A stylized image of CLASSIX clustering results overlaid on an illustration of the coronavirus. Credit: CDC: phil.cdc.gov/Details.aspx?pid=23312
× close
A stylized image of CLASSIX clustering results overlaid on an illustration of the coronavirus. Credit: CDC: phil.cdc.gov/Details.aspx?pid=23312
Scientists at the University of Manchester and the University of Oxford have developed an AI framework that can identify and track coronavirus variants of concern, and could potentially be useful for other infectious diseases in the future.
The framework combines dimensionality reduction techniques with a new explainable clustering algorithm called CLASSIX, developed by mathematicians at the University of Manchester. This allows us to quickly identify groups of viral genomes that may pose future risks from vast amounts of data.
Research published in journals PNAScould support traditional methods of tracking virus evolution, such as phylogenetic analysis, which currently requires extensive manual curation.
Roberto Kawanzi, a researcher at the University of Manchester and lead author of the paper, said: ‘Since the emergence of COVID-19, there have been multiple waves of new variants, increased transmissibility and immune responses. “We’ve seen an increase in the number of cases being avoided and the number of cases becoming more severe.” sick.
“Scientists are currently ramping up efforts to identify alarming new variants, such as alpha, delta, and micron, at the earliest stages of their emergence.
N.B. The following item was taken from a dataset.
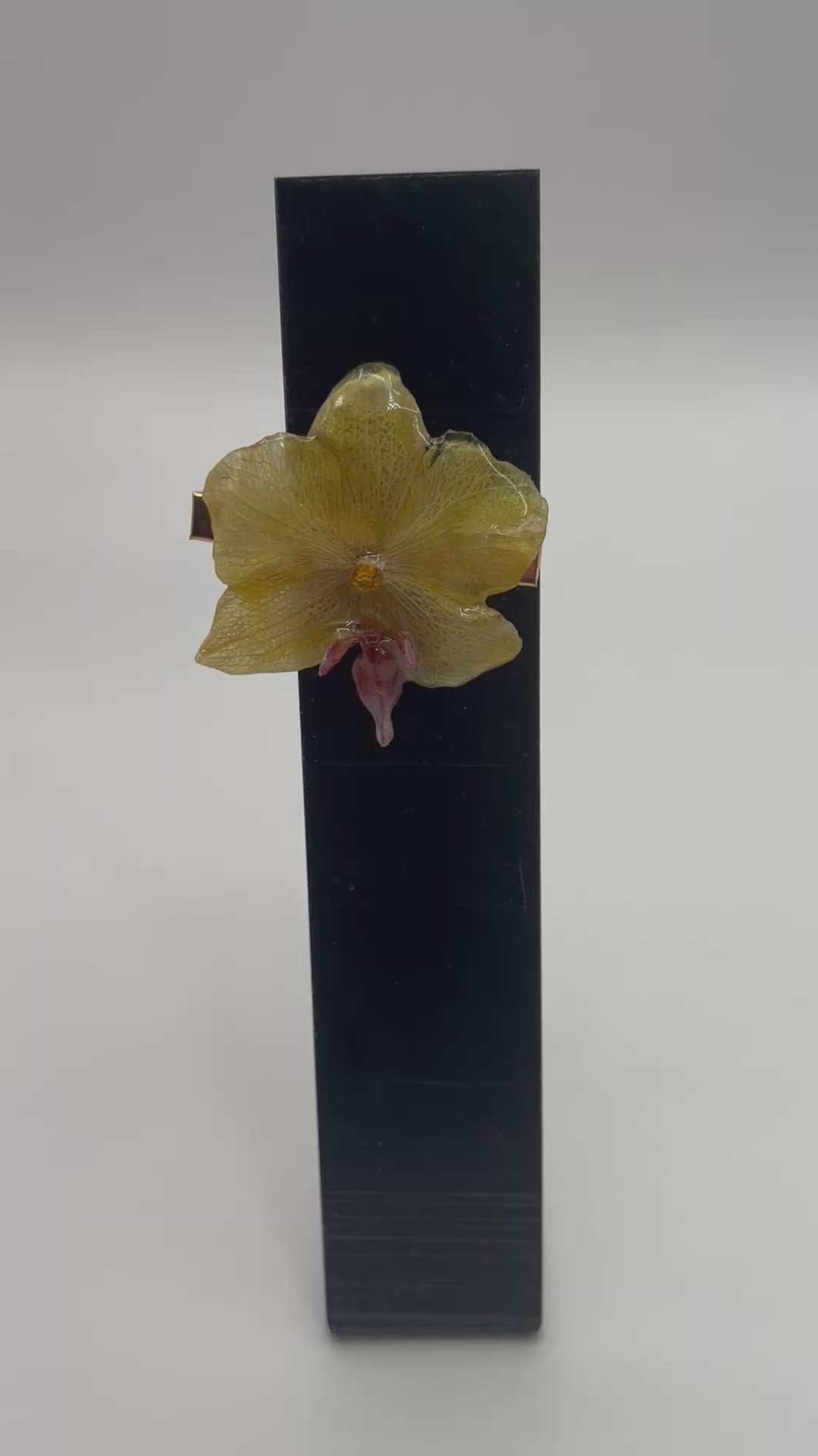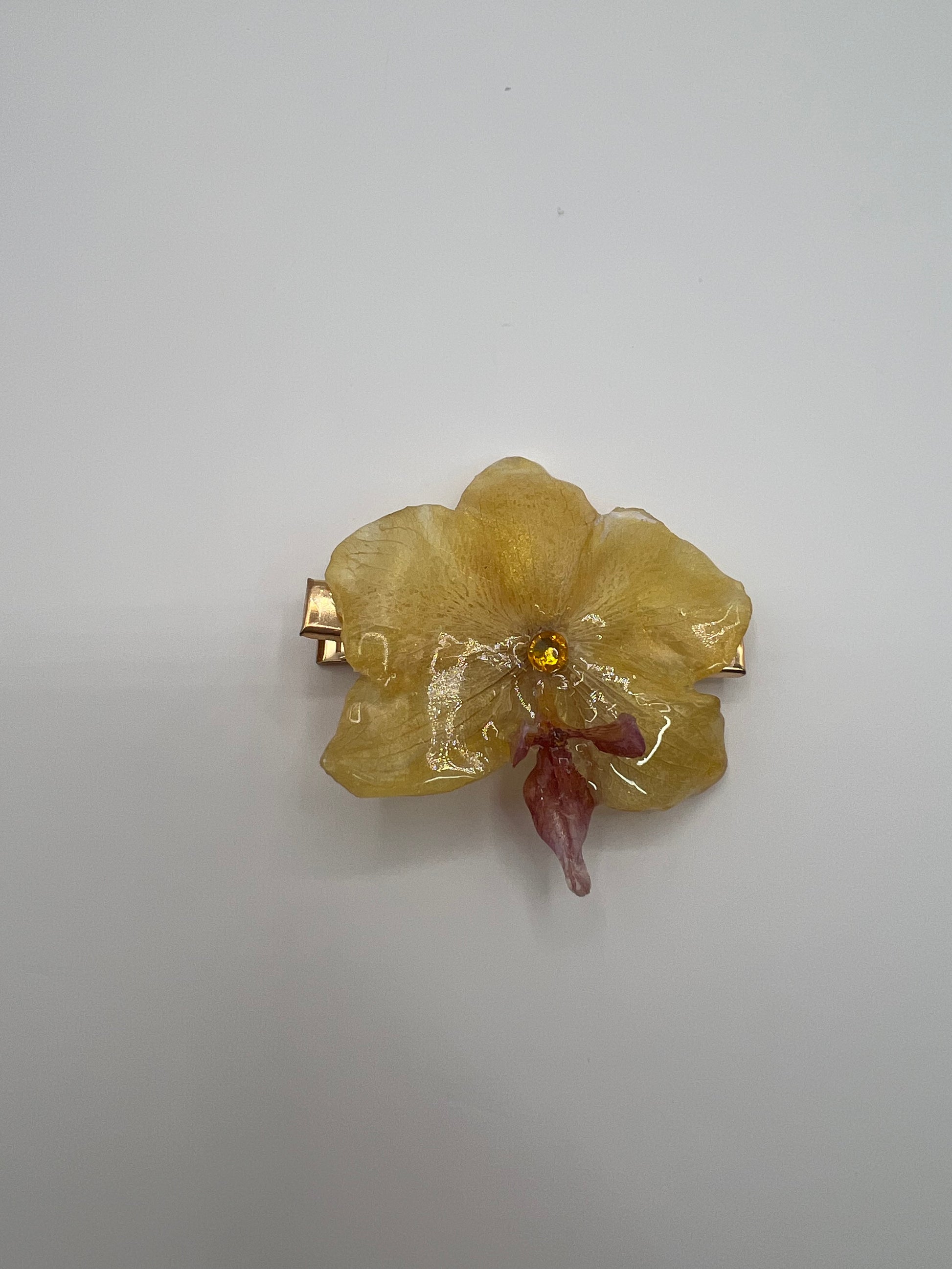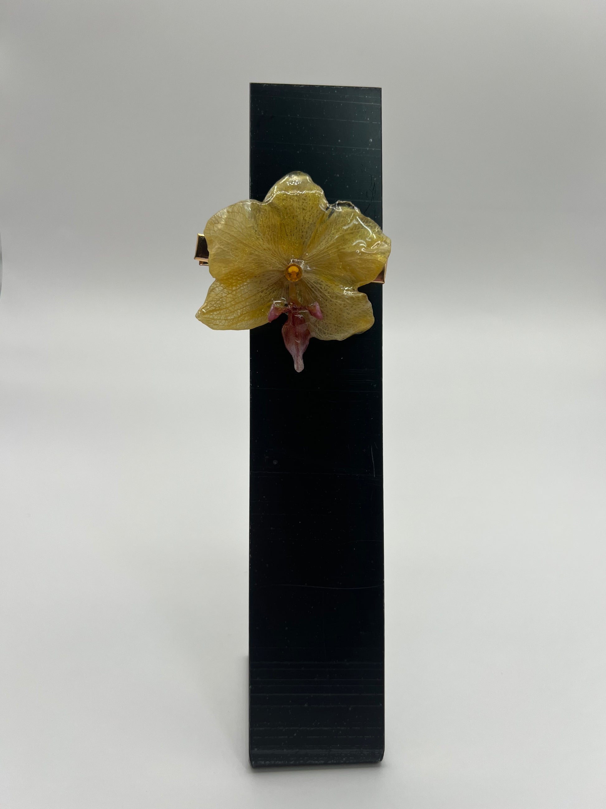 Yellow hair clip, made with real orchid encapsulated in resin.
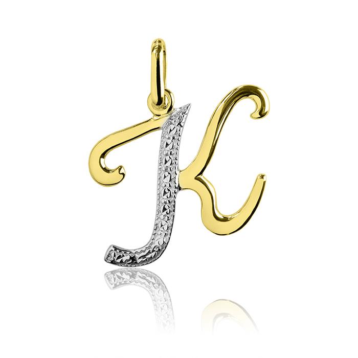 Złota zawieszka rodowana pisane "K"

We need to find ways to do this quickly and efficiently. Hopefully, we can be more proactive.”Responses such as the development of customized vaccines could eliminate variants before they become established. ”
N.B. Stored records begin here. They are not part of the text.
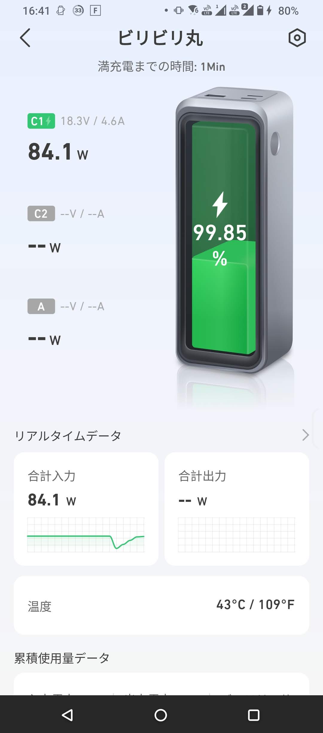 バッテリー残量はともかく、入出力のW(ワット)や電流・電圧が分かったところでユーザーがどうこうできるわけではありませんが、急速充電されていないことに気付けたり3、何より見ていて楽しいです。 また、あと何分くらいバッテリーが持つのか、あるいは(本機を充電している際には)何分くらいで100%まで充電されるかも分かります。
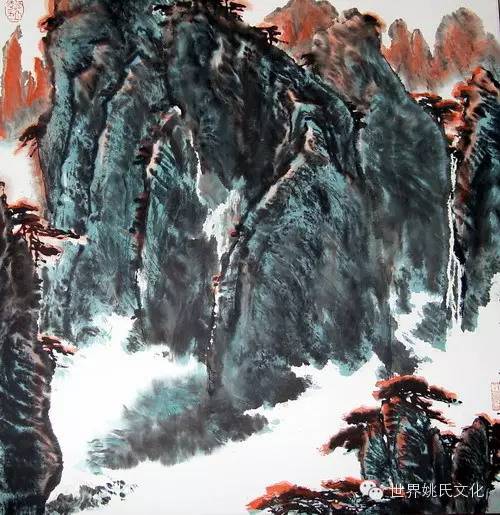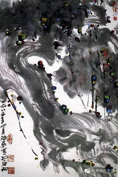 姚治华对石鲁的“以情作画,万幅画万个样;以法作画,万幅画一个样”的艺术箴言,体会最深,运用实践得最好。所以他的画总在不断的变化,不断的出新。他的画除了前面读到的那些风格外,还有一些类似版画的风格。如《东海日出》、《金殿》、《明镜谷》、《雾山牧歌》、《黄果飞瀑》、《温泉花溪》、《春水》等等,完全以浓墨干笔皴擦点缀,再以重彩层层染积;有时笔墨浓重古拙、着色板块鲜明,竟如套色版画的趣味。这跟他搞过版画的创作的影响分不开。在反复观赏治华同志的众多画作中,使我最为倾倒和怦然心动的还有《雨后石岛》、《风雪寒林》、《阳春三月》等作品。《风雪寒林》描写东北雪原的一排高耸的参天树木,在风雪的狂扫中,枝叶更显苍劲。远处雪原上几匹马车在驮运木料,衬托出隆冬的活力。画家似乎不经意地寥寥几笔,纵横斜扫,就把风雪寒林的气氛营造出来了。如此神来之笔,怎不令人惊叹!《阳春三月》,在一排高高的春意醉人的杨柳丛中,透露出汪汪水田和村庄,农村春耕正忙呢。这幅画和其他各画大异其趣,又是一种创新,这其中似乎也有一点可染先生的味道。
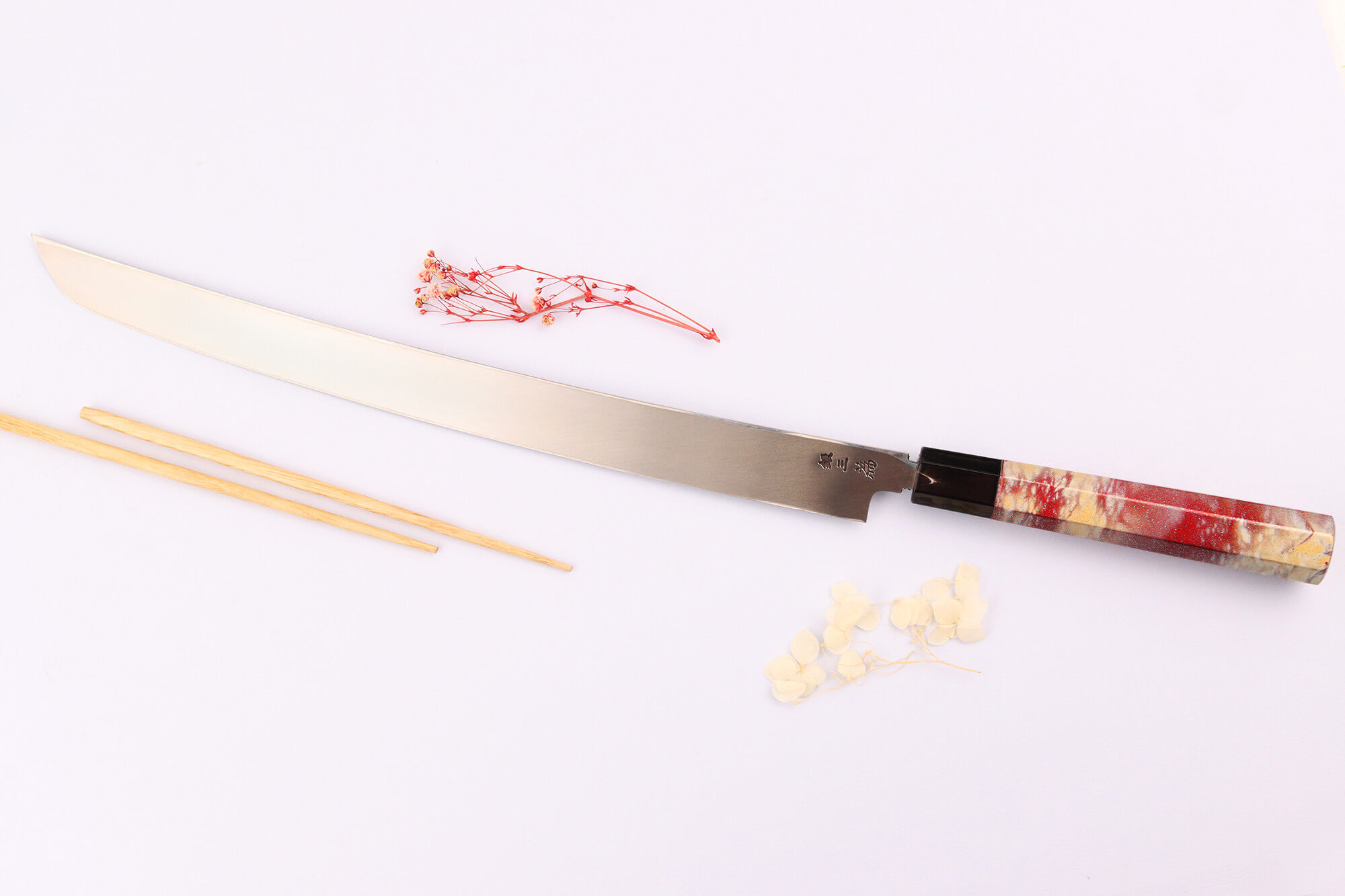 L'émouture de la lame est asymétrique, elle est idéale pour les découpes nettes et précises des sashimis. Cette lame convient à une utilisation par les cuisiniers droitiers. Elle a été polie miroir à la main, offrant un reflet tel de l'eau claire.

Like many other RNA viruses, COVID-19 evolves very rapidly due to its high mutation rate and short generation time. This means that it takes a lot of effort to identify new strains that are likely to become a problem in the future.
Currently, approximately 16 million sequences are available in the GISAID database (Global Initiative for All Influenza Data Sharing), which provides access to genomic data for influenza viruses.
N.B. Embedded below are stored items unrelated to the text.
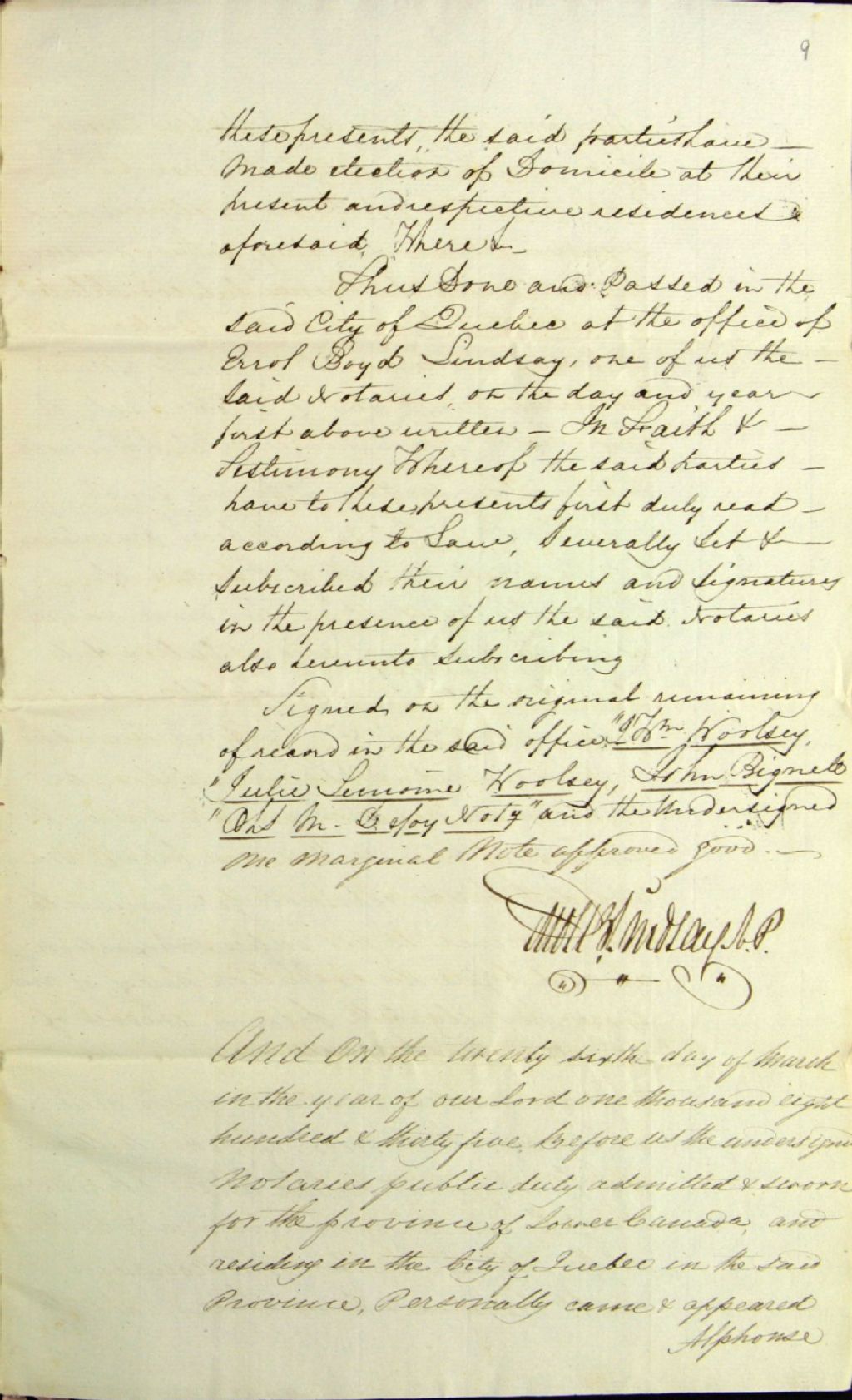 Quittance de Melchior-Alphonse de Salaberry, écuyer, de la paroisse de Saint-Joseph-de-Chambly, extra aide de camp de Son Excellence Lord Aylmer, gouverneur en chef de la province du Bas-Canada, en sa qualité de procureur de dame Marie-Anne-Julie Hertel de Rouville, sa mère, veuve de l'Honorable Charles-Michel de Salaberry, résidant en ladite paroisse, tant en son nom que comme tutrice de ses enfants mineurs, en faveur de dame Elizabeth Brown, veuve de John Bignell, écuyer, ledit sieur de Salaberry reconnaissant avoir reçu de ladite dame Brown la somme de deux cent vingt-cinq livres, huit shillings et trois pence par elle due en vertu du contrat de vente d'une terre passé entre son défunt mari et John William Woolsey, 26 mars 1835, Archives nationales à Québec, Fonds Ministère des Terres et Forêts, (03Q,E21,S64,SS5,SSS5,D631-2).
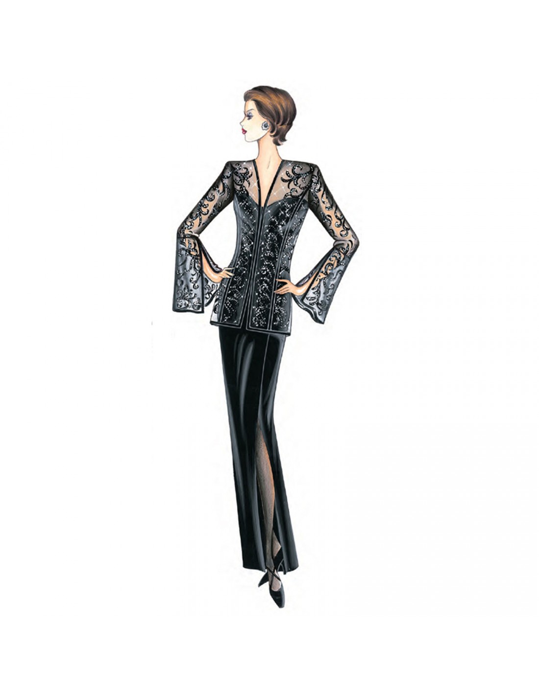 Giacca da realizzare in pizzo o velluto con allacciatura fermata da ganci interni e maniche svasate.
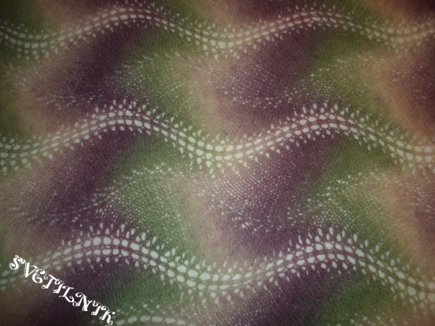 В общем, решила "ударить по палантинам". И вот что у меня получилось из той же пряжи, что и "авантюрная" шалька. Теперь я вполне довольна результатом. Здесь "Дундага рулит".

Diagram showing the steps of the proposed method to identify emerging coronavirus disease (COVID-19) variants.Credit: University of Manchester
× close
Diagram showing the steps of the proposed method to identify emerging coronavirus disease (COVID-19) variants.Credit: University of Manchester
Mapping the evolution and history of all COVID-19 genomes from this data is currently taking vast amounts of computer and human time.
The method described allows you to automate such tasks. The researchers processed 5.7 million high-coverage sequences in just one to two days using standard modern laptops. This is not possible with existing methods, reducing the need for resources and placing the identification of relevant pathogenic strains in the hands of more researchers.
Thomas House, Professor of Mathematical Sciences at the University of Manchester, said: “An unprecedented amount of genetic data has been generated during the pandemic and we need improved methods to analyze it thoroughly. Data is growing rapidly. “We continue to do so, but the benefits of collecting them have not been demonstrated.” This data is at risk of being deleted or deleted.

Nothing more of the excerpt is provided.